Aufmerksam und kritisch
So weit ist es beim Villmerger, der mit seiner Partnerin schon länger in Aarau lebt, nicht. Er ist immer noch daran interessiert, hinter die Fassaden zu blicken. Er will auch weiter dranbleiben beim Thema Ukraine. Will wieder dorthin reisen. Doch hat er nicht Angst, Teil der ukrainischen Propaganda zu werden, wenn er sich vom Militär durch die Gebiete führen lässt? «Natürlich benutzt die Ukraine propagandistische Mittel, damit sie die dringend notwendige Unterstützung erhält. Dieser Gefahr muss man sich bewusst sein, aufmerksam bleiben, kritisch nachfragen. Alles zu verifizieren, das ist hingegen in einem Kriegsgebiet nicht möglich, da wabert immer ein gewisser Nebel über das Schlachtfeld», erklärt er. Und würde es ihn nicht reizen, mal die Gegenseite zu beleuchten? «Ich würde sofort nach Russland reisen, wenn ich Garantien hätte, dass ich meine Arbeit gefahrlos ausüben kann. Das ist leider nicht der Fall», sagt er.
Grosse Solidarität erlebt
Als Auslandsreporter lebt Samuel Schumacher seinen Traum. Er kann reisen, Dinge kritisch hinterfragen, spannende Menschen kennenlernen, Geschichten suchen und schreiben oder auch vor der Kamera über seine Erfahrungen berichten. «Davor hatte ich anfangs Respekt, ich sah mich als Schreiber. Aber beim ‹Blick› wird man toll unterstützt bei der Arbeit vor und hinter der Kamera. Da hat es sehr erfahrene Leute, die einem gerne Tipps geben», erzählt er. Auch unter den Auslandsreportern erlebt er teilweise eine grosse Solidarität. «Okay, nicht, wenn es um den Tod der Queen geht. Da tummeln sich 1000 Journalisten vor dem Balkon und hoffen auf die eine exklusive Geschichte. Aber in Kriegsgebieten unterstützt man sich. Gibt den anderen Tipps. Stellt Kontakte her. Schliesslich sitzen wir alle im gleichen Boot.»
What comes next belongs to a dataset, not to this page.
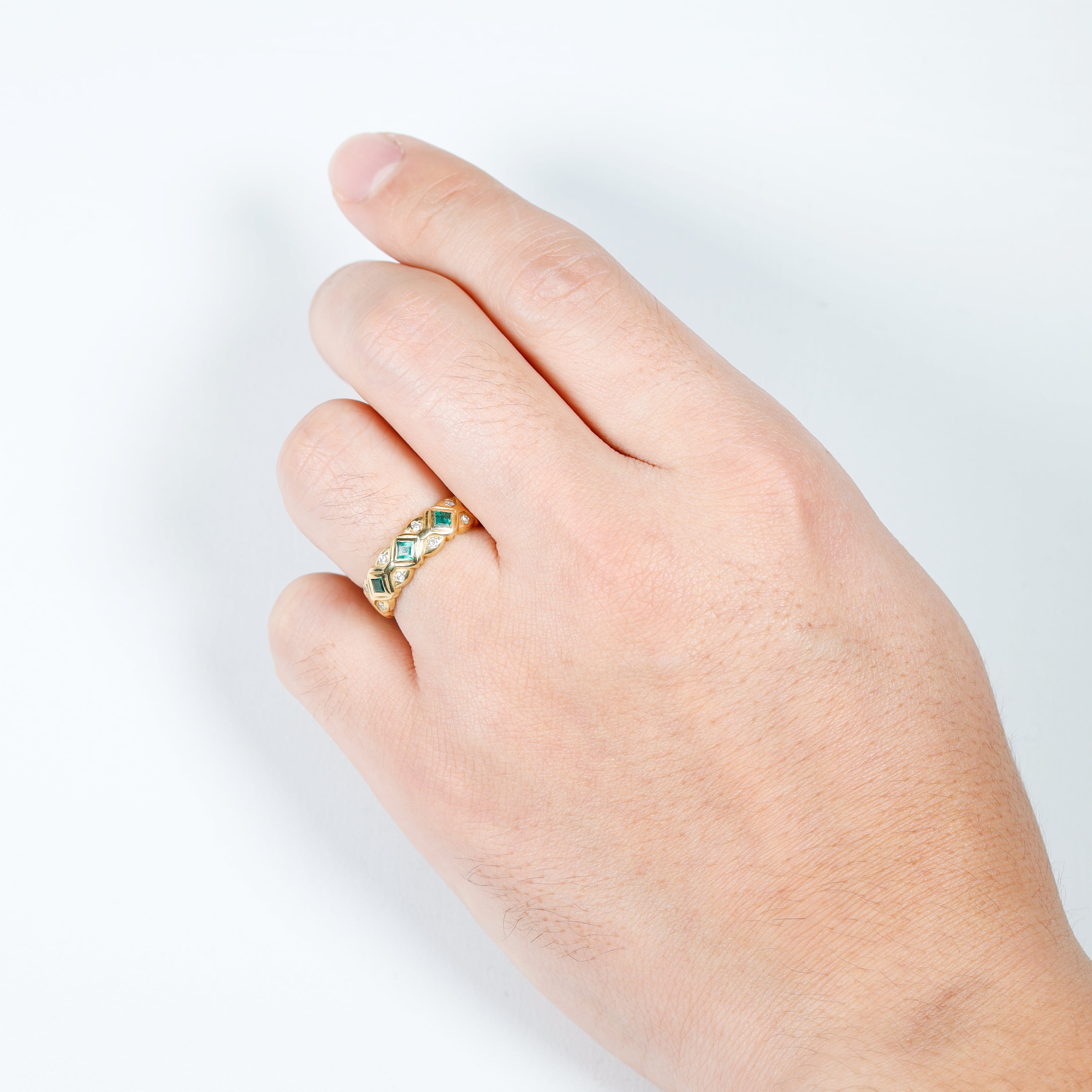 エメラルドグリーンがよく映えるデザインのエキゾチックなヴィンテージリング。

Seine langjährige Partnerin trägt seine Leidenschaft mit und unterstützt ihn. Sie hat jeweils nur einen Wunsch: «Bitte begib dich nicht in Lebensgefahr.» Wie lange die Faszination für solche Einsätze anhält, kann er nicht sagen. «Es ist schon irgendwie komisch. Ich selber war nie im Militär, sondern habe Zivilschutz geleistet. Meinen einzigen Schuss gab ich als Jugendlicher mit einem Luftgewehr ab. Und heute renne ich in Kampfmontur durch ein Kriegsgebiet, sehe das Leid und die Schäden, interviewe Hinterbliebene und ehemalige Kriegsgefangene. Und bin dabei, wenn russische Stellungen beschossen werden. Eigentlich ist es verrückt. Und trotzdem ist es genau das, was ich machen will.»